В 1304 году произошло невероятное событие, которое опять-таки было воспринято как «кара Божья». В театре, развернутом на лодках стоявших на реке у моста Каррайя, решили устроить представление «ада» — с языками адскогс пламени, молящими о милосердии грешника ми, повелителем темных сил, чертями с вила ми. Мост, заполненный зрителями, пришедпти ми посмотреть на этот спектакль, рухнул, и все находившиеся на нем утонули; во Флоренции поговаривали, что пришедшие посмотреть на ад получили что хотели.
Спустя примерно двести лет Савонарола, проповедуя в Дуомо, пугал слушателей весьма реалистичными рассказами о Ноевом ковчеге. Последователь Платона, философ и поэт Пико делла Мирандола описывал проповедь о Всемирном потопе, услышанную им 21 сентября 1494 года. «И вот, Я наведу на землю потоп водный»{14}, — прокричал Савонарола страшным голосом, подобным раскату грома, взойдя на кафедру, и холодная дрожь пробрала Пико до костей, а волосы на его голове встали дыбом. В тот же день, словно бы в подтверждение мрачного пророчества, до Флоренции дошла весть о вторжении орд иноземных захватчиков. Это были войска французского короля Карла VIII.

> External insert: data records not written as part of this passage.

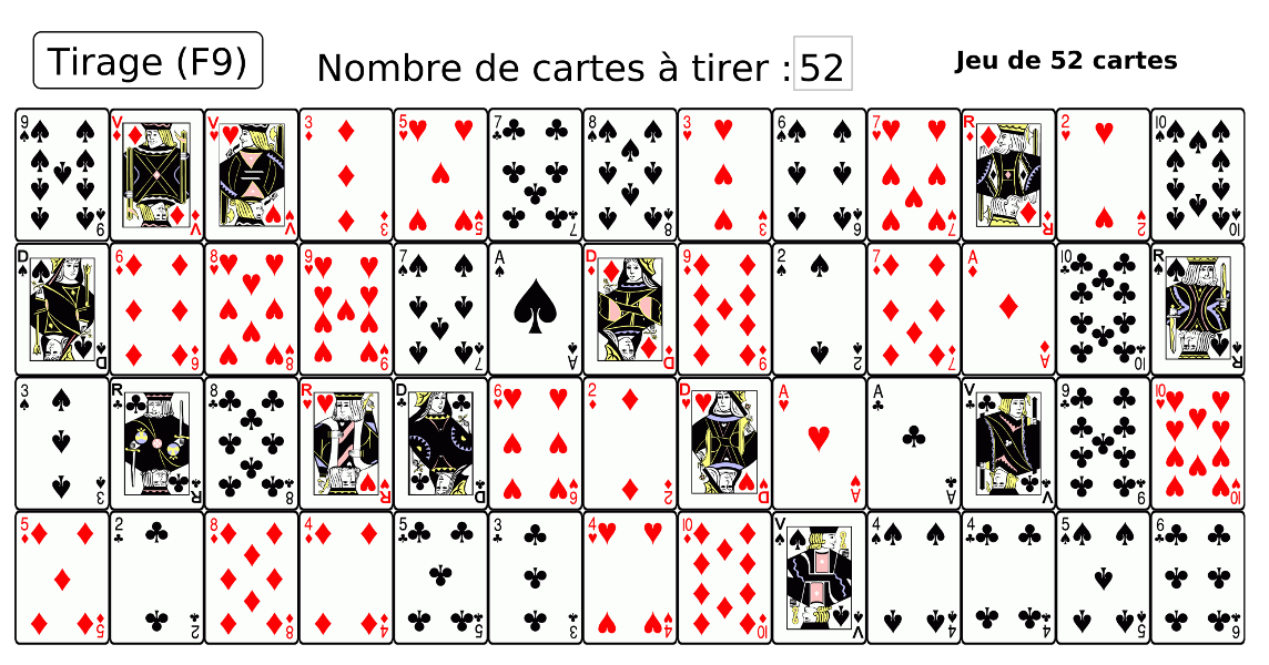 Ce fichier permet de faire des tirages de cartes sans remises. Le nombre de cartes dans le jeu et la disposition de l'affichage sont paramétrables avant distribution aux élèves :
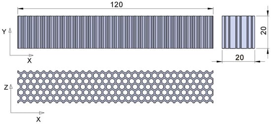 The geometries of the three types of structures analyzed in this paper (honeycomb, grid and triangles) were modelled in the SolidWorks 2020-2021 software (Dassault Systèmes, Vélizy-Villacoublay, France). The structures were fitted into a prismatic volume of 120 mm length and 20 × 20 mm2 cross-section (Figure 5). A square cross-section was chosen so that a comparative analysis of Z- and Y-axis behavior could be performed. The cross-section dimensions of the specimen for the three-point bending tests were increased relative to standard dimensions in order to increase the number of cell rows arranged across the width of the specimen. The length of the specimen was correlated with the cross-section.
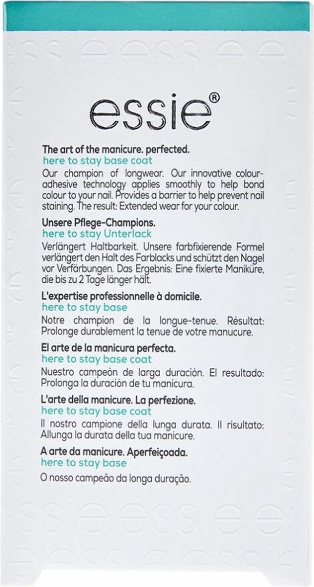 De base coat van essie met kleurhechtingstechnologie is ‘here to stay’! here to stay base coat verminderd het afbladderen van nagellak en zorgt ervoor dat de nagellak tot twee dagen langer blijft zitten. Hierdoor wordt de kwaliteit van de @home manicure verlengt. De base coat is aan te brengen met één simpele applicatie.
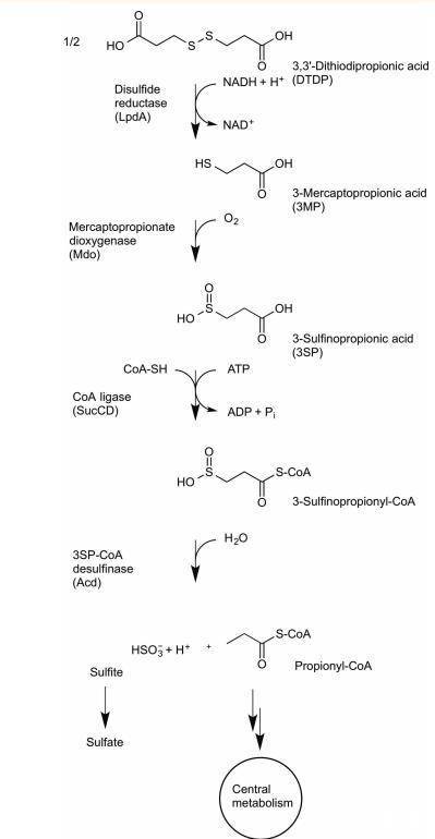 圖1 DTDP 的降解過程。二硫鍵化合物3,3‘-二硫代二丙酸(DTDP)通過NADH依賴性二硫鍵還原酶(Wu¨bbeler等,2010)裂解為兩個(gè)3-巰基丙酸(3MP)分子。3MP經(jīng)雙加氧酶(Mdo;Bruland等,2009)氧化生成3-亞磺酰丙酸(3SP)后,琥珀酸-CoA連接酶(SucCD;Schu¨rmann等,2011)催化其活化為3SP-CoA。隨后,3SP-CoA被亞磺酸脫氫酶(Acd)催化水解裂解,生成丙酰輔酶A和亞硫酸鹽。丙酰輔酶A最終通過甲基檸檬酸循環(huán)進(jìn)入中心代謝途徑,而亞硫酸鹽很可能被亞硫酸鹽氧化酶氧化為硫酸鹽。
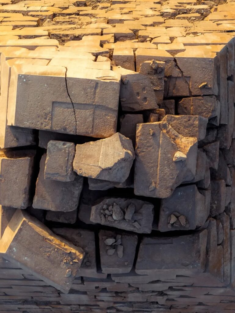 The pyramid was built using massive limestone blocks, carefully cut and aligned with remarkable precision. It forms part of a larger funerary complex that includes temples and the nearby Great Sphinx of Giza, one of the most famous sculptures in the world.
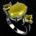 Solid sterling silver 925 stamped white gold coated ring featuring an unusual genuine natural mined oval cabochon yellow opal gemstone measuring 14 m m x 10 mm with a 4mm x 4mm square cut genuine natural mined golden citrine gemstone on each shoulder. The face of the ring measures 15mm x 14mm and is a size M 1/2 US 6.5 . GIFT BOXED Thanks for looking and please take time to view my other listings
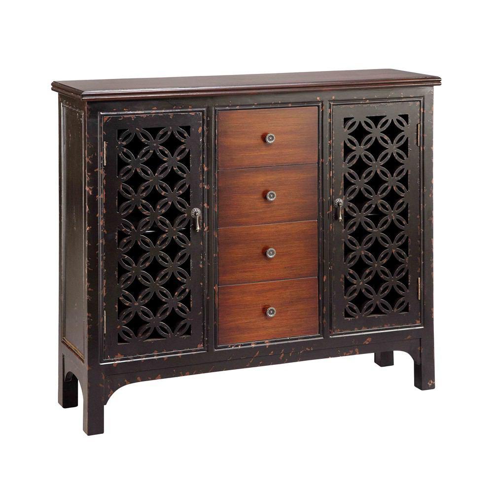 This beautiful cabinet, crafted from birch veneers with a dark cherry finish features two doors and four middle drawers to add storage to any room in your home.
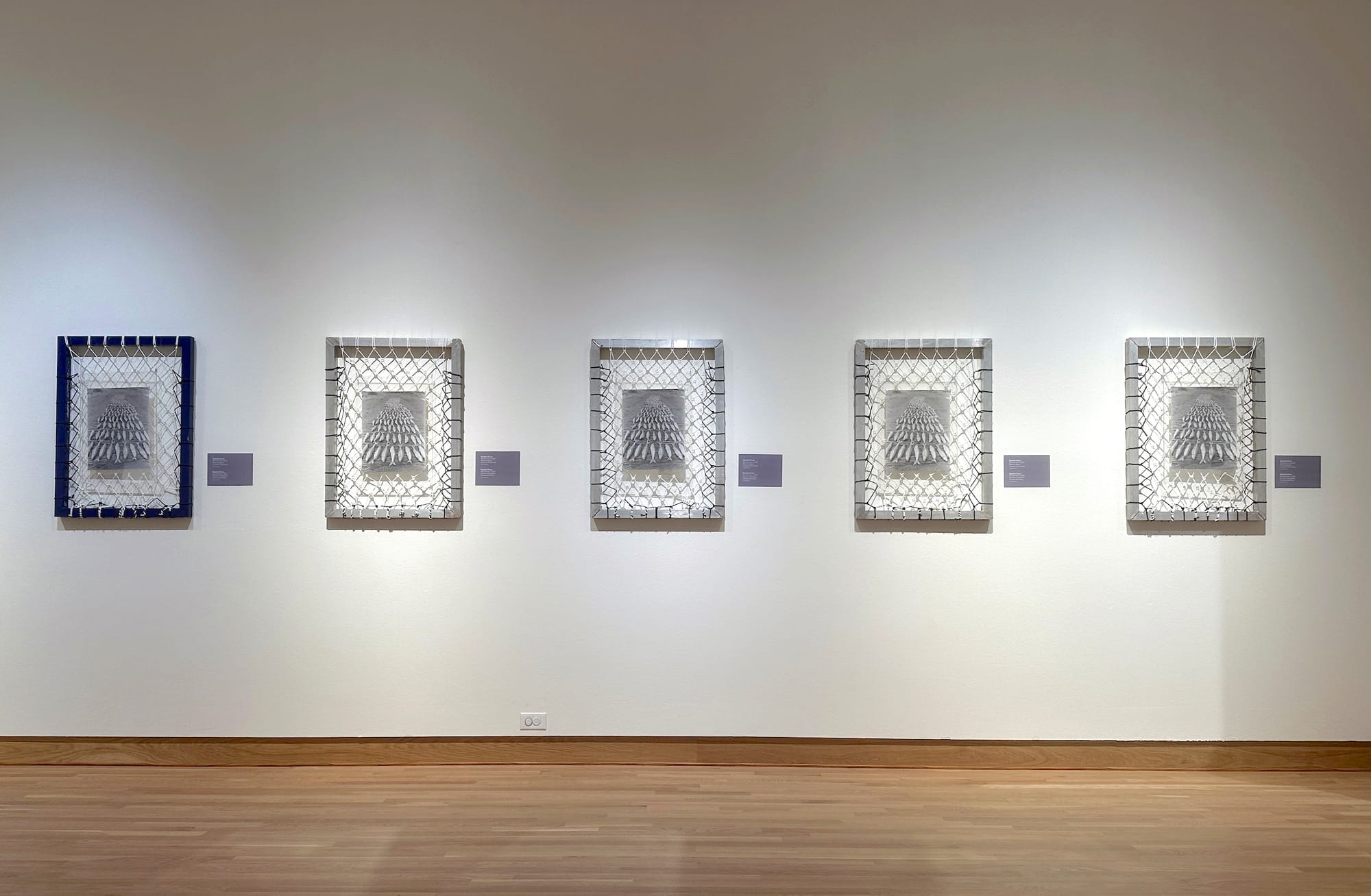 Texture, pattern, repetition, and practice combine with chance and the reality of climate change — will there be fish this year? — in Porras’s Da’-chvn-dvn series from 2023, five photographs that correspond to the number of bays used for drying smelt under the sun. The fish are arranged row by row, side by side, alternating head to tail on grass beds. It wasn’t until I examined installation images of the show that I realized the netting in the Da’-chvn-dvn works — attached to and stretched between all sides of each silkscreen frame, providing a support for the photos — is constructed with clover knots, countless wishes of good fortune. And with those knots, the artist forms a grid, bringing abstraction into the mix.
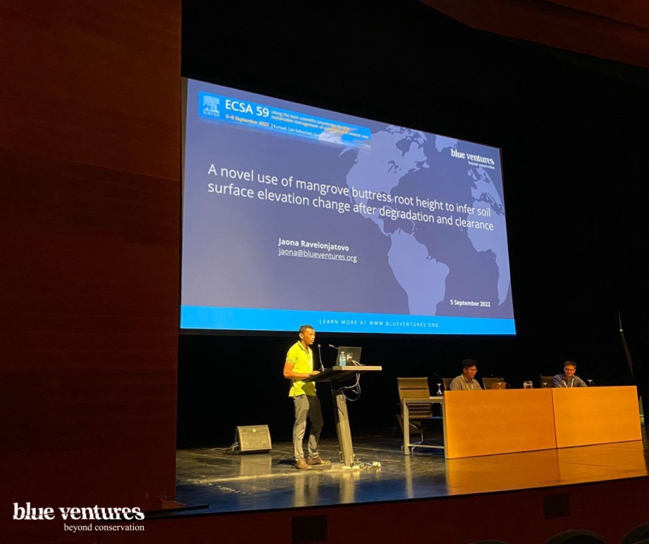 A l’occasion de la conférence ECSA59 en Espagne, Jaona Ravelonjatovo, Responsable scientifique Carbone bleu chez Blue Ventures, a présenté👨‍💼, une approche innovante menée depuis quelques années pour estimer le changement d’altitude du sol après la dégradation de la mangrove🌱. Cette approche est fondée sur près de 5 ans de travail dans la baie de Tsimipaika (DIANA), où une équipe scientifique spécialisée dans les mangroves fait le suivi régulier des sols dégradés de mangroves pour déterminer l’impact de la déforestation sur les sols.
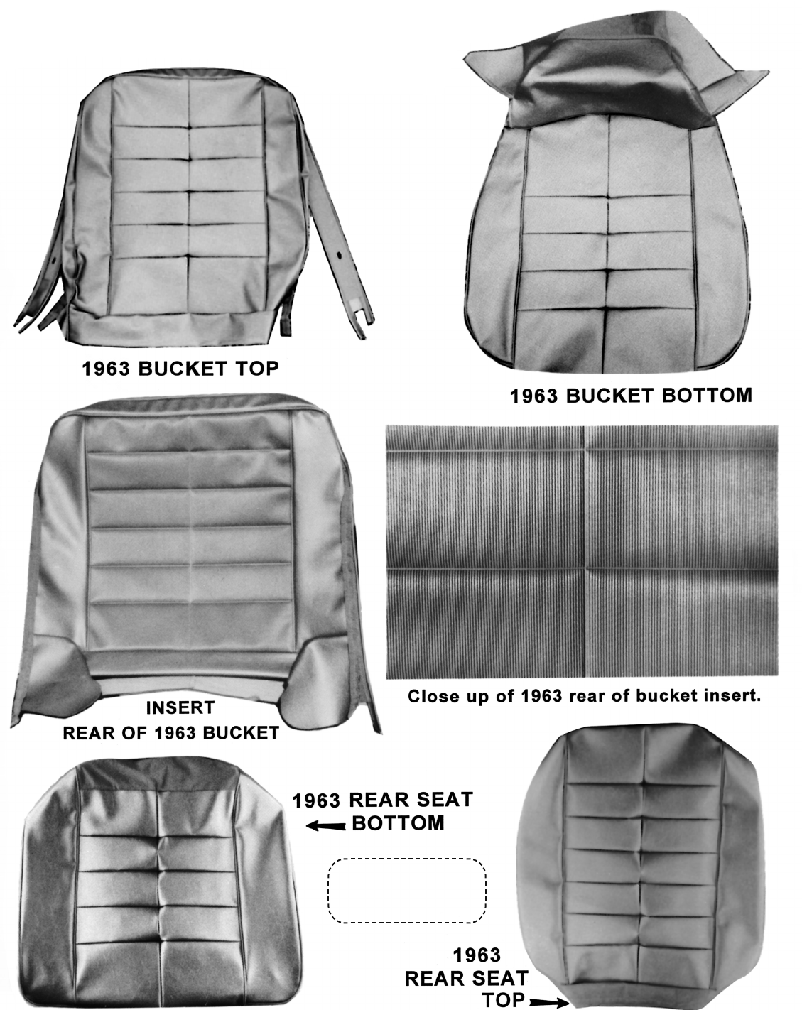 iWARNING: Product s on this page can expose you to a chemical, which is known to the State of California to cause cancer or reproductive harm. **For more information go to w ww.P65Warnings.ca.gov**3 1963 UPHOLSTERYThese are actual photos of our upholstery - not installed.12-14 hoursto produce!COLOR SAMPLES page 181963 BUCKET TOP INSERT 1963 BUCKET BOTTOM Close up of 1963 rear of bucket insert. 1963 REAR SEAT ._BOTTOM ~------------------~ , ' I \ I I I I I I I I I I \ I '~------------------~' 1963 REAR SEA TOP
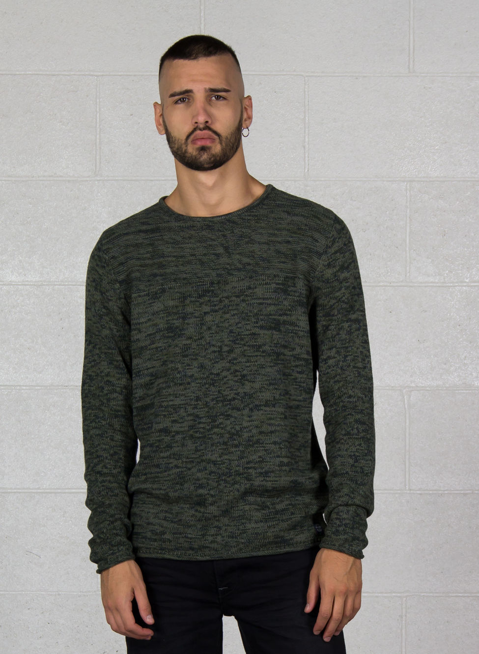 Maglione da uomo con girocollo con effetto melange.
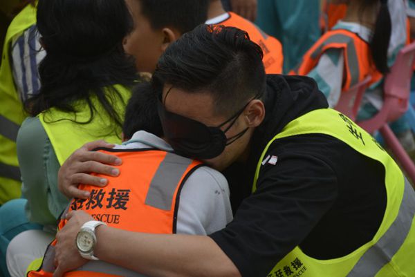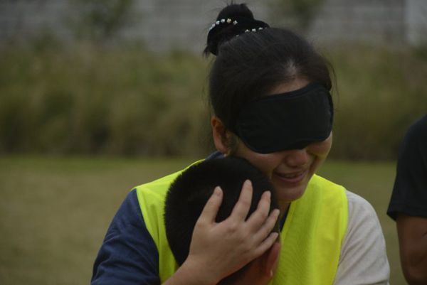 活动的高潮在于一个假设的地震场景中:父母双目失明,不能独立行走,要求孩子们带领父母逃离灾区危险地带。可,孩子们却因为自己的种种失误导致父母们身上“伤痕累累”。在背景音乐的熏陶和教练的引导之下,孩子们知道自己对父母的保护不够。而生活中,父母对自己是百般呵护,细致入微。此情此景,方知父母恩,不禁潸然泪下。
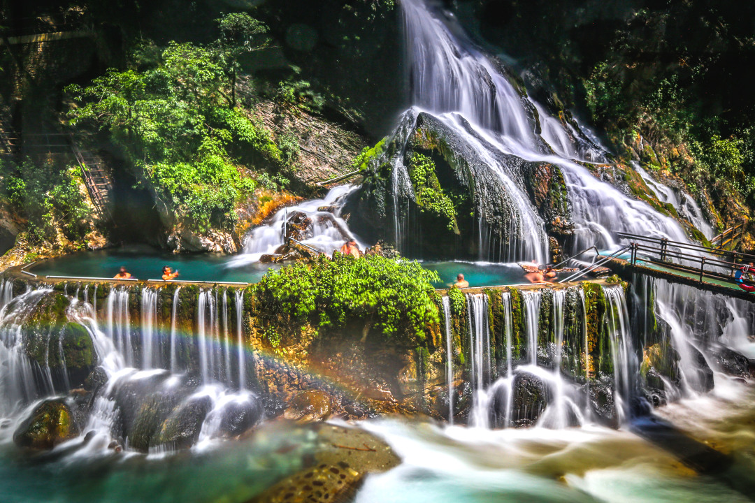 随后乘车前往【螺髻99里温泉瀑布】,这里是世界最大的温泉瀑布群,也是央视认证的“中国最美温泉”。数十个天然泉眼从悬崖峭壁上飞流而下,形成宽达200多米的瀑布群。换上泳衣,直接在瀑布下冲洗,又或者在观景台上可以拍到壮观的瀑布全景,烟雾缭绕宛如仙境。
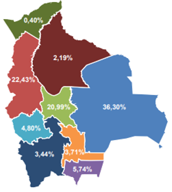 Analizando la composición del parque automotor según departamento, el 36% se encuentra en Santa Cruz, el 22% en La Paz y el 21% en Cochabamba, esto quiere decir que, el 79% del parque automotor nacional se encuentra en el eje troncal del país. El restante 11% se encuentra distribuido en los otros departamentos.
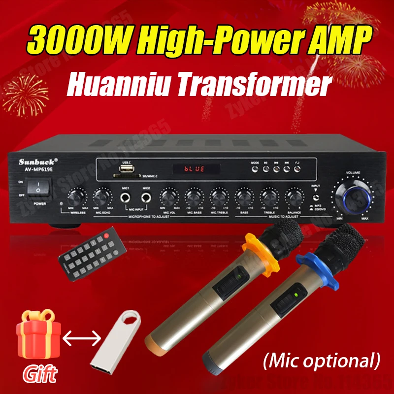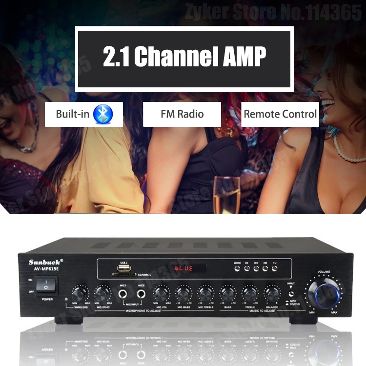Comprar Amplificadores de alta potencia MP618E/619E, 2,1 canales, 3000W, Hifi, Bluetooth, amplificación de sonido de Audio para el hogar, soporte SD, USB, FM, micrófono, Control remoto
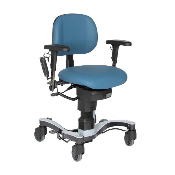 - Stolen højdeindstilles nemt via el-betjening, så patienten sidder korrekt i forhold til apparaturet.
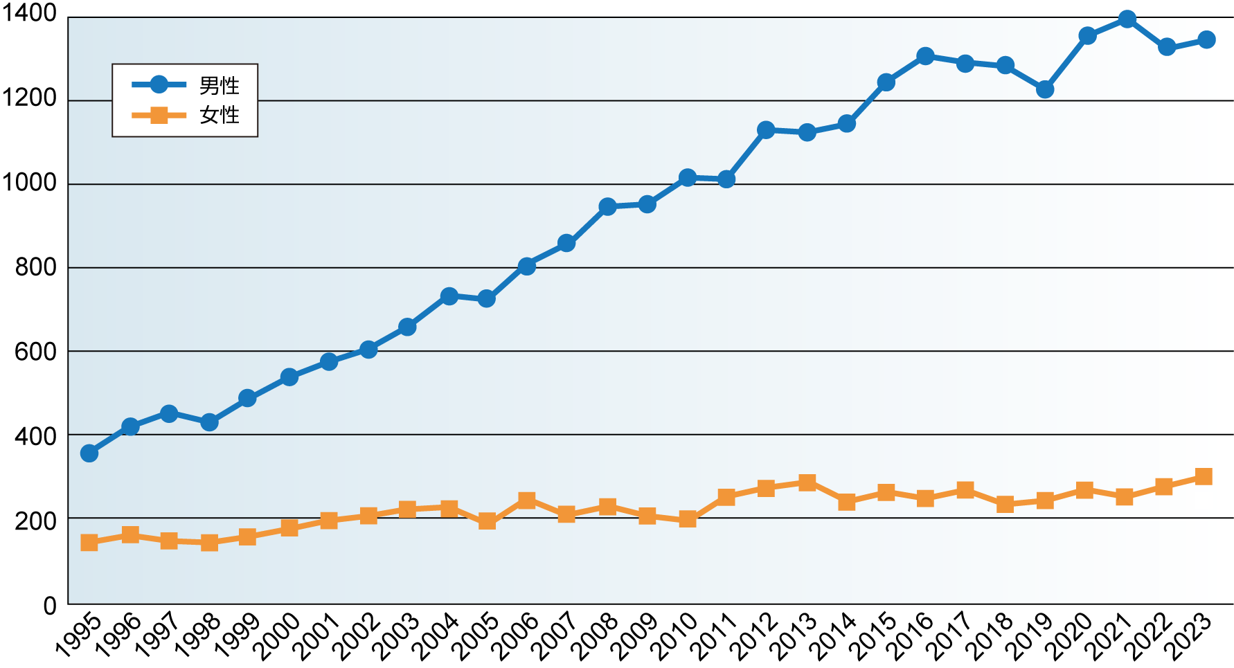 日本の中皮腫死亡の年次推移(1995~2023年)
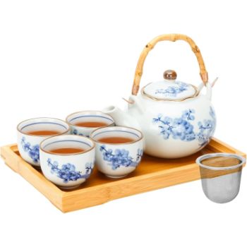 - Complete porcelain tea set japanese style with 1 teapot, 4 cups, and bamboo tray
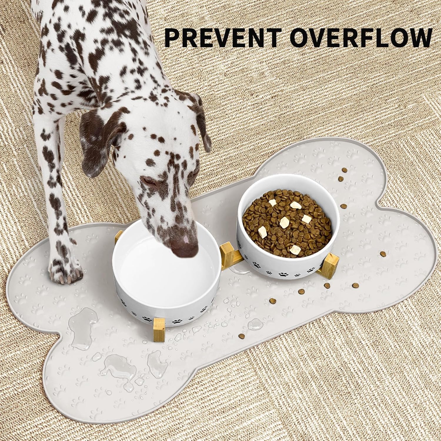 - Health Silicone Material - This pet bowl mat is non-toxic, and non-allergenic, protecting the health and safety of your pet's feeding. 25.6" x 13" holds two regular big bowls, perfect for medium to large-sized dogs and cats to enjoy a delicious meal tray.
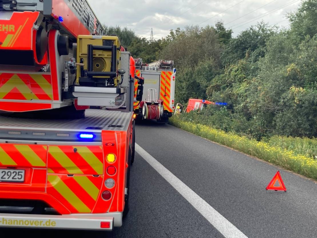 Gegen 14:35 Uhr transportierte ein Rettungswagen einen Patienten von Altwarmbüchen zum Nordstadtkrankenhaus nach Hannover. Auf der Fahrt zwischen den Anschlussstellen Hannover-Bothfeld und Hannover-Nord kam das Fahrzeug nach rechts von der Fahrbahn ab, prallte gegen ein Verkehrsschild, fuhr die etwa drei Meter tiefe Böschung herab und blieb nach etwa 150 Metern in der dicht bewachsenen Böschung stehen. Der Patient sowie die ihn begleitende Notfallsanitäterin waren im Patientenraum eingeschlossen. Der 41-jährige Fahrer setzte einen Notruf ab und konnte das Fahrzeug unverletzt verlassen.
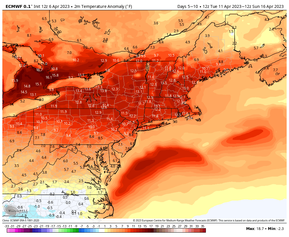 ECMWF ensemble data suggests that temperatures will average 8-10° F above normal in the NYC Metro and surrounding areas for the 5 days ending next Saturday. This is impressive for such a long time scale. That same ensemble also suggests a mean of 0.0″ precipitation for the same time scale. It doesn’t get much better than that.
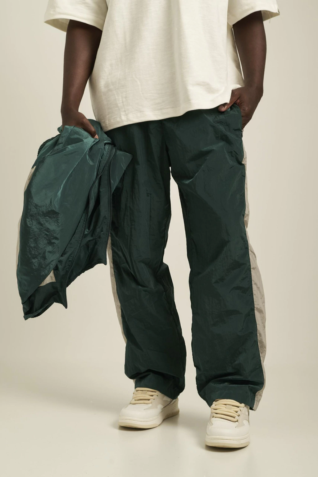 Pantalón de siré, corte regular fit, con recortes laterales que aportan un diseño moderno. Cuenta con elástico en la cintura y bolsillos con cierre para mayor funcionalidad.

Всемирный потоп послужил сюжетом самой знаменитой работы Уччелло, выполненной для Зеленого клуатра церкви Санта Мария Новелла. Полет фантазии Уччелло на этой удивительной фреске, недавно отреставрированной и выставленной в старом Форте Бельведере на холме Сан Джорджо, захватывает воображение — библейское событие, относящееся к далеким временам, оказывает непосредственное, сильнейшее пророческое воздействие. Это один из тех великих образов Страшного суда, прозреть которые было дано лишь флорентийцам, от Данте до Микеланджело. Их способность к ясновидению была основана на этих образах, а также на общей для них страстной любви к своему городу и народу, подобной той, что испытывали древние евреи, и на богатстве «документальных» или научных описаний. Например, в отчете Данте о посещении ада поражает скрупулезное описание географии и геологии. Данте «исследовал» ад и обнаружил в нем множество уроженцев Флоренции; когда некий прелат раскритиковал обнаженные фигуры в «Страшном суде», Микеланджело сразу же добавил на фреску его изображение в аду, с рогами, со змеей, обвившейся вокруг чресл, а когда прелат пожаловался папе Павлу III, тот ответил: «Если бы художник отправил вас в чистилище, я бы приложил все усилия, чтобы вызволить вас оттуда, но на ад я не имею никакого влияния»[56]. Для этих решительных флорентийцев ад был так же близок, как Барджелло. Точно так же и «Потоп» Уччелло — это вполне натуралистичная картина, основанная, бесспорно, на флорентийском опыте столкновения с библейским мифом.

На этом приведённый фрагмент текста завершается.